Collected data
▼▼▼

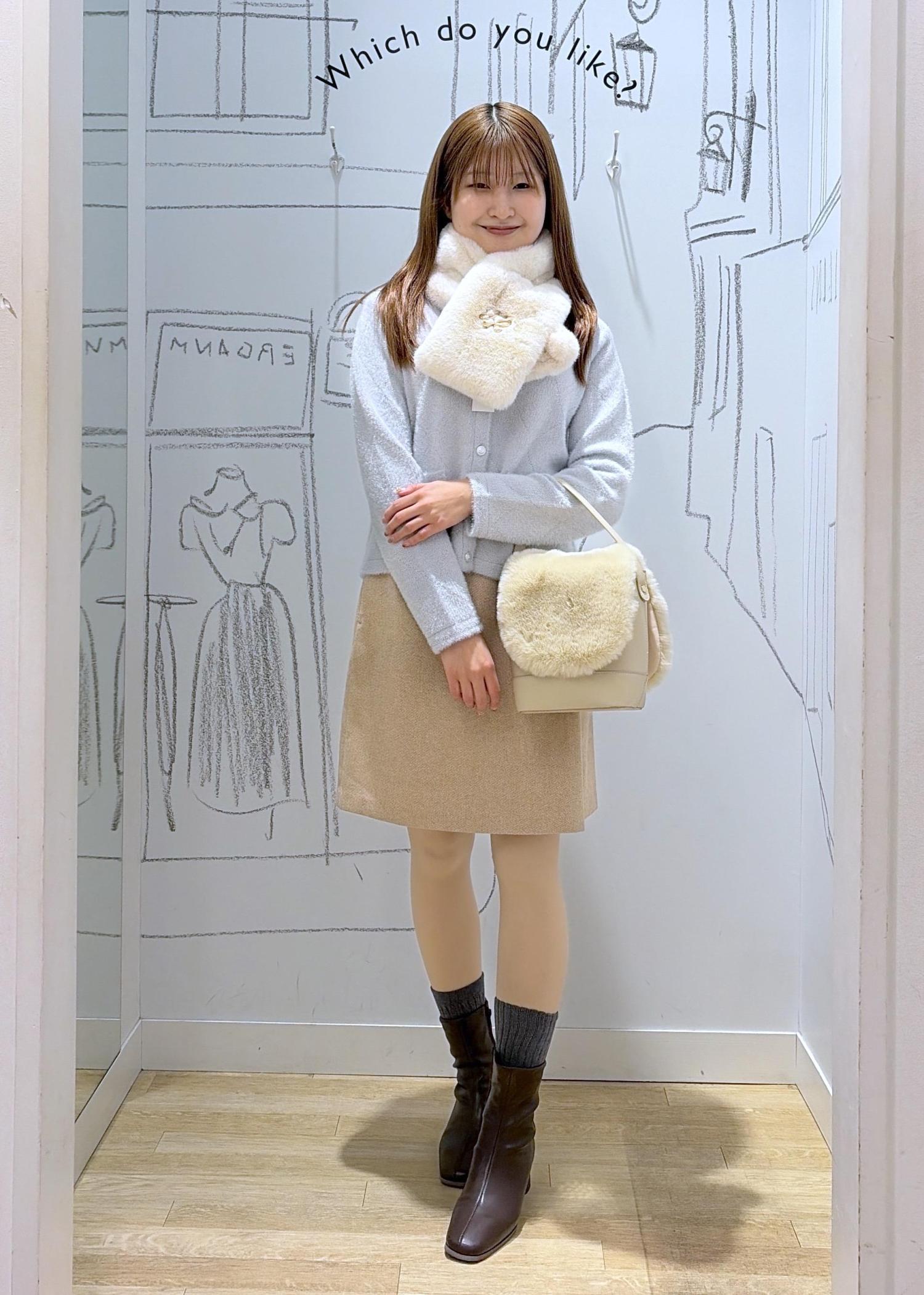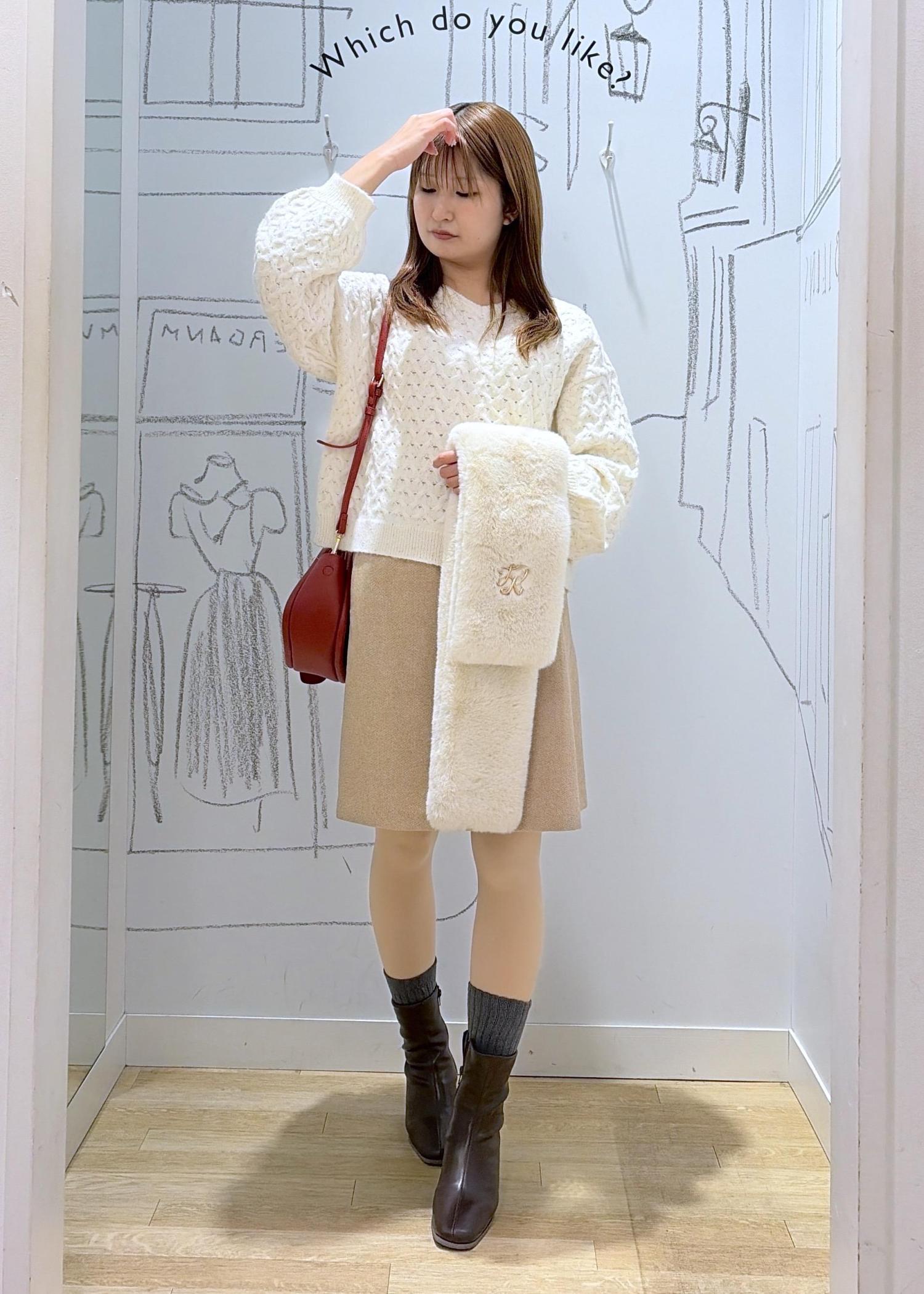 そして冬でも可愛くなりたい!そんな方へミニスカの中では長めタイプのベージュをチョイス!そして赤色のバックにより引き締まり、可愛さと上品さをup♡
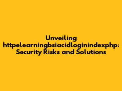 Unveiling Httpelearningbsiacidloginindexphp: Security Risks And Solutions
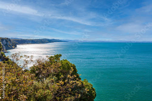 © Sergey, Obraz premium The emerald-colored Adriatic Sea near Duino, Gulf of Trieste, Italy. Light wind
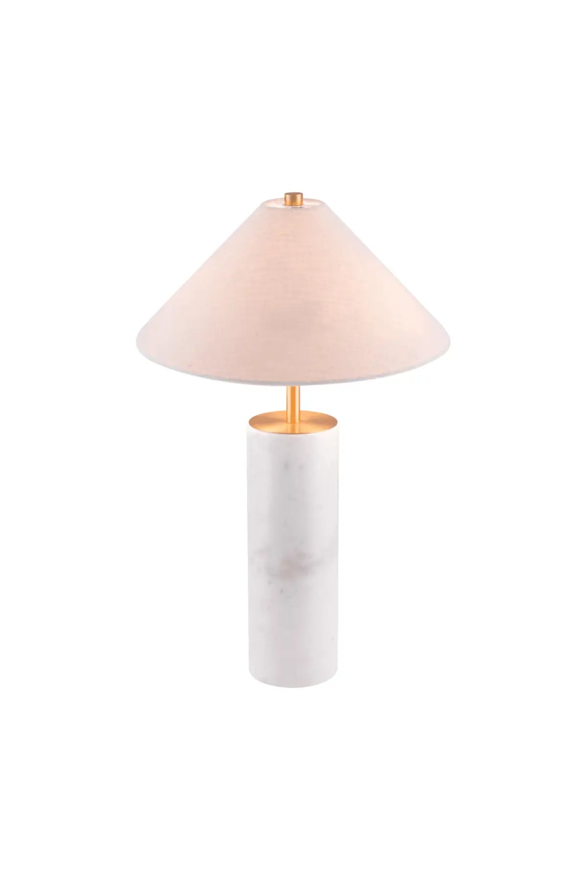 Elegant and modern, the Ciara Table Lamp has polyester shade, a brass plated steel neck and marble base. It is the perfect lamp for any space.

▲▲▲

What is expected
The answer must consist solely of the lines from the first line of the data through the line containing "Italy. Light wind", inclusive, reproduced exactly and without pictures.

Result for this exercise
 そして冬でも可愛くなりたい!そんな方へミニスカの中では長めタイプのベージュをチョイス!そして赤色のバックにより引き締まり、可愛さと上品さをup♡
 Unveiling Httpelearningbsiacidloginindexphp: Security Risks And Solutions
 © Sergey, Obraz premium The emerald-colored Adriatic Sea near Duino, Gulf of Trieste, Italy. Light wind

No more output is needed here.